TASK TO COMPLETE: Print the entries below word for word; the pictures stay out of your copy.

Data records
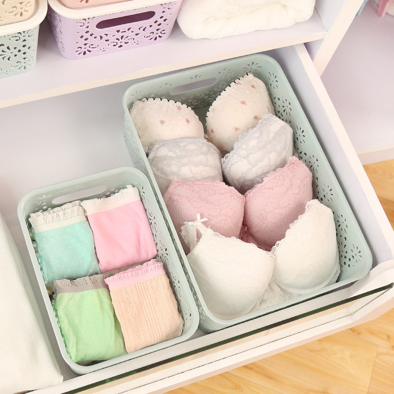 塑料化妆品收纳盒镂空抽屉书桌办公桌收纳杂物桌面内裤内衣储物盒
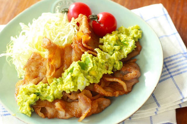 1.甘辛ダレとアボカドの濃厚タルタルでマイルドに!「アボタル生姜焼き」
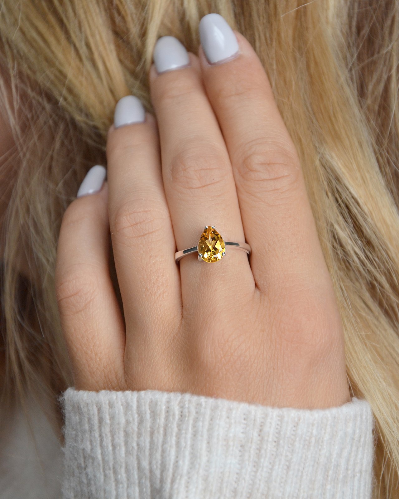 Sa forme poire met en valeur toute l'élégance de cette lumineuse pierre.
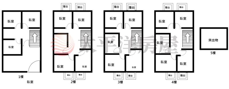 1F:3間套房。 2~4F:5間套房。 電一度$6。垃圾回收$7000/月。 收租套房:無陽台房型$7000/月。其餘房型$8000/月。 中間房間無開窗 ,但衛浴都有開窗。 5F大露臺可曬棉被。
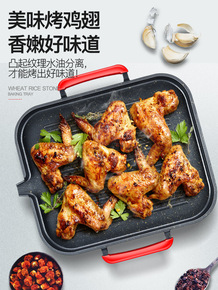加厚铸铁条纹烤肉盘无涂层不粘牛排煎锅家用牛扒烧烤平...
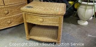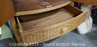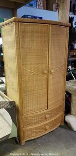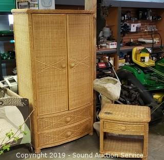 Lot #0131: Wicker Woven Armoire & Night Stand
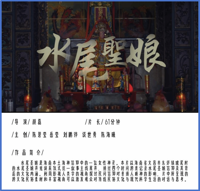 近日,2025年第九届中国成都国际非遗节·第二届非遗影像展映活动公布入围名单,澳门pg戏剧影视文学系副教授颜磊导演的两部作品《水尾圣娘》与《三云与久香的羌年》入选。

FINISHED EXERCISE:
 塑料化妆品收纳盒镂空抽屉书桌办公桌收纳杂物桌面内裤内衣储物盒
 1.甘辛ダレとアボカドの濃厚タルタルでマイルドに!「アボタル生姜焼き」
 Sa forme poire met en valeur toute l'élégance de cette lumineuse pierre.
 1F:3間套房。 2~4F:5間套房。 電一度$6。垃圾回收$7000/月。 收租套房:無陽台房型$7000/月。其餘房型$8000/月。 中間房間無開窗 ,但衛浴都有開窗。 5F大露臺可曬棉被。
加厚铸铁条纹烤肉盘无涂层不粘牛排煎锅家用牛扒烧烤平...
 Lot #0131: Wicker Woven Armoire & Night Stand
 近日,2025年第九届中国成都国际非遗节·第二届非遗影像展映活动公布入围名单,澳门pg戏剧影视文学系副教授颜磊导演的两部作品《水尾圣娘》与《三云与久香的羌年》入选。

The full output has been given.